Somente para ti, Luanda

- Luciano Rocha

Estas linhas, publicadas no primeiro dia de mais um ano, são apenas para ti, Luanda, desprezada por tantos dos teus filhos, os que nascestes e os que acolheste como teus, a todos de braços abertos.

Esta mukanda, Luanda, que nasceste para ser bonita como nenhuma, mas desde cedo sofredora ao veres teus filhos escravizad­os pelos ocupantes, mas, também, pelos que te rejeitaram, na mira de benesses dos invasores, é escrita em nome daqueles que não te renegam. Pelo contrário, indignam-se com o desdém a que continuas votada pelos que apenas serviram de ti. E são tantos, cada vez mais, quando, em tempos de sonhos que nos ensinaste a ter para resistir, chegámos a pensar que seriam sempre cada vez menos.

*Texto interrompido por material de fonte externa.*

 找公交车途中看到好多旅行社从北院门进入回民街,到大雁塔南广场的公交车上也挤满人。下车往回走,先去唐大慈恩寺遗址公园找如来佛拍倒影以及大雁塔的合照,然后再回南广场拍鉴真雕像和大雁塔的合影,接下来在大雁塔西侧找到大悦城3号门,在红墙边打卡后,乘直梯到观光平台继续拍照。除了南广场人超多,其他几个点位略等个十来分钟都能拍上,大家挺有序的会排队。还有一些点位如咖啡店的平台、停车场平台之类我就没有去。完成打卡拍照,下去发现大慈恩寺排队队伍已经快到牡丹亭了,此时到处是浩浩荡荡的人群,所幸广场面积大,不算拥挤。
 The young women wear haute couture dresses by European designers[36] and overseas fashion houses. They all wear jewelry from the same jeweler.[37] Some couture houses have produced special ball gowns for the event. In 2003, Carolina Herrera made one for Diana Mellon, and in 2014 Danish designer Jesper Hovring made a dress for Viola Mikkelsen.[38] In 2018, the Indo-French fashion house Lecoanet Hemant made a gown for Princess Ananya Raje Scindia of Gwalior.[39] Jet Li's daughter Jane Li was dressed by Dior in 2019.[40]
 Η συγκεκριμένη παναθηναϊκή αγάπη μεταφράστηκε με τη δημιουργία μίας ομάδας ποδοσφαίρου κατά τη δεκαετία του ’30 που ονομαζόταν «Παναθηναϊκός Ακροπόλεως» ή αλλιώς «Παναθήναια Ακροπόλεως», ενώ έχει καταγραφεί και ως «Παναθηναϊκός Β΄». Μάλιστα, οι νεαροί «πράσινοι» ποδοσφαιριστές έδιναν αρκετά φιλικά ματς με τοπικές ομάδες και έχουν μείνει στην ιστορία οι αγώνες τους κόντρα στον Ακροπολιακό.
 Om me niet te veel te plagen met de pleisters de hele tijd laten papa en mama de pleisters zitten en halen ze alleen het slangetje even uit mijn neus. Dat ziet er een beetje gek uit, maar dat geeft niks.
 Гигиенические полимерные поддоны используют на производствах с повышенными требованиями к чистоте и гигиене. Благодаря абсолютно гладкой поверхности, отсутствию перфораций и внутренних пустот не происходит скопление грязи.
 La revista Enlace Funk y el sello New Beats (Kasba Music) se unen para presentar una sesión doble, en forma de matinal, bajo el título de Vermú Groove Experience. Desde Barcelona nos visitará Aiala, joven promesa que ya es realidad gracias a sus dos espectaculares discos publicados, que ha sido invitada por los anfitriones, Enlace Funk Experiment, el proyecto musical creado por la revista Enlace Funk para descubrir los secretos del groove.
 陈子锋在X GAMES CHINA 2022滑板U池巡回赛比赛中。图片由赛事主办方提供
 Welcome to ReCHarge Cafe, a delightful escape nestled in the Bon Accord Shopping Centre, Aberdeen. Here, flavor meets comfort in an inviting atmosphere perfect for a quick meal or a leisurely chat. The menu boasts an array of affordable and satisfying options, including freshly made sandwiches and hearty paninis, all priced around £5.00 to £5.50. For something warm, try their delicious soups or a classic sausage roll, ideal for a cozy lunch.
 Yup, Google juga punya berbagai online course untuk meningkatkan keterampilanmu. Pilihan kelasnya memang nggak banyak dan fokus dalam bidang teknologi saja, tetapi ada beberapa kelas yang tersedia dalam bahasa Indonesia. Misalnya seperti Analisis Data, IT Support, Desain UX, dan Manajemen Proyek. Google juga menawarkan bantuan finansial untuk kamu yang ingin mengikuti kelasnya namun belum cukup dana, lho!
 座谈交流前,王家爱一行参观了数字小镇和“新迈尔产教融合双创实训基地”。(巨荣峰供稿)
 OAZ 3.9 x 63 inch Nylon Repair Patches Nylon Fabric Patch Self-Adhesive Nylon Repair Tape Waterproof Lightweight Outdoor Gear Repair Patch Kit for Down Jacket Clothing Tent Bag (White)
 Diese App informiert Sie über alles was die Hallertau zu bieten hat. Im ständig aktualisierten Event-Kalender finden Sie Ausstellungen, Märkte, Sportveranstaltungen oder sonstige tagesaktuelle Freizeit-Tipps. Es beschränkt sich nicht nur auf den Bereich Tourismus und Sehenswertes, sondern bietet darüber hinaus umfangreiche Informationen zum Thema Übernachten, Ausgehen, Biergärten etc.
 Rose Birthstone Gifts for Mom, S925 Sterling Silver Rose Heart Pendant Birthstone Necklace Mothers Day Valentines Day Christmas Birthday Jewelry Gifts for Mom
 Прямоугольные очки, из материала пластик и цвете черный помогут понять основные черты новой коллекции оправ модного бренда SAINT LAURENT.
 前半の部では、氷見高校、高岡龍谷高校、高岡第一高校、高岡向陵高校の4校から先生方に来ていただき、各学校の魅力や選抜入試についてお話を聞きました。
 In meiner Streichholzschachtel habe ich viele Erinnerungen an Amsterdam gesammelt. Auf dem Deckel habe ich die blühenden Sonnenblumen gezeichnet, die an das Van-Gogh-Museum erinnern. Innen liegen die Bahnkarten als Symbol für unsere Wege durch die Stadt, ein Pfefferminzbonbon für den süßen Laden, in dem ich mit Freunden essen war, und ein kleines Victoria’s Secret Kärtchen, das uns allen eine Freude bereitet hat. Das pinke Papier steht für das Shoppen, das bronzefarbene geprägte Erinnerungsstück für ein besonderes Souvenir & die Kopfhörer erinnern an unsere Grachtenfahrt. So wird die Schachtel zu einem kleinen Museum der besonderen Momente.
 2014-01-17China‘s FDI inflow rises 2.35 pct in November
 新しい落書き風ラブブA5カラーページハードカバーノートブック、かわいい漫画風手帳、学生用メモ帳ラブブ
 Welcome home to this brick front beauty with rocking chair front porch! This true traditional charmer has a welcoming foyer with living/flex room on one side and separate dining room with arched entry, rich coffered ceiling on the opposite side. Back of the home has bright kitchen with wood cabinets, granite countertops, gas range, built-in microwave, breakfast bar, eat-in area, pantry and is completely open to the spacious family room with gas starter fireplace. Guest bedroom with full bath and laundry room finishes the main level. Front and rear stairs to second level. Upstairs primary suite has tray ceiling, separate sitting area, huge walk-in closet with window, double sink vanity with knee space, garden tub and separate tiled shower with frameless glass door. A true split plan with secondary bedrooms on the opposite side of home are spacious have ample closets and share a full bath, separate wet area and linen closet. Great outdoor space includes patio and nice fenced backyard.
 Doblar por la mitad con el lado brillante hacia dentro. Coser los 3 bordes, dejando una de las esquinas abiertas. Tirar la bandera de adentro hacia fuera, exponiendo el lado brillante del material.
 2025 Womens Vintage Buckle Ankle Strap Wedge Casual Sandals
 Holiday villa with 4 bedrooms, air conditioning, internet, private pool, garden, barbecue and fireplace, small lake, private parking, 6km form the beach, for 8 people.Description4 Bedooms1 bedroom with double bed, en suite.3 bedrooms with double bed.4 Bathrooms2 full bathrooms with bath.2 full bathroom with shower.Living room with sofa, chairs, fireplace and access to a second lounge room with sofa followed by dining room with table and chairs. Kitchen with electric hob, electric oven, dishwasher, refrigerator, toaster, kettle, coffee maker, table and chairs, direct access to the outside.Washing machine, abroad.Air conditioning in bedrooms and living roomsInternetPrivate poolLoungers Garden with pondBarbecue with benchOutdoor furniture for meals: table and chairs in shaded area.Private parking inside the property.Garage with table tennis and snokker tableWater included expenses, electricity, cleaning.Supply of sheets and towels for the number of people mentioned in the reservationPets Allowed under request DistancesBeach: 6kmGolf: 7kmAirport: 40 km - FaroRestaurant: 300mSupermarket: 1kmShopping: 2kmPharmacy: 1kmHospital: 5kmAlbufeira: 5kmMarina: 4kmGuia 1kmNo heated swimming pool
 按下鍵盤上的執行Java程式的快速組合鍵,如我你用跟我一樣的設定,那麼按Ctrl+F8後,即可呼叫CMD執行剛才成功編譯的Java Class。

Neste início de mais um ano gostava de partilhar contigo coisas novas, por exemplo, que serias melhor tratada, deixavas de ser desventrad­a, passavam a tratar-te das árvores em vez de abatê-las ou esperar que morram de sede para te restituíre­m as sombras boas; acabavam, no tempo seco, com as lagoas das chuvas sem esperarem que elas cheguem para dizerem que o vão fazer, “quando o tempo melhorar”; iam tirar-te da escuridão que te cobrem as noites e apagar candeeiros públicos acessos na hora do meio-dia; todos os teus filhos iam ter água que lhes falta em casa e escorre pelas ruas; deixavas de ser incomodada pelos desafios à impunidade espelhados nas kinguilas, nos motoqueiro­s e falsos reguladore­s de trânsito; te livraram de placas toponímica­s insultuosa­s à dignidade angolana e de centrais de consumo dos novos ricos, que servem estranhos interesses; não havia gente a vasculhar restos de comidas nos contentore­s, nem a dormir sem tecto.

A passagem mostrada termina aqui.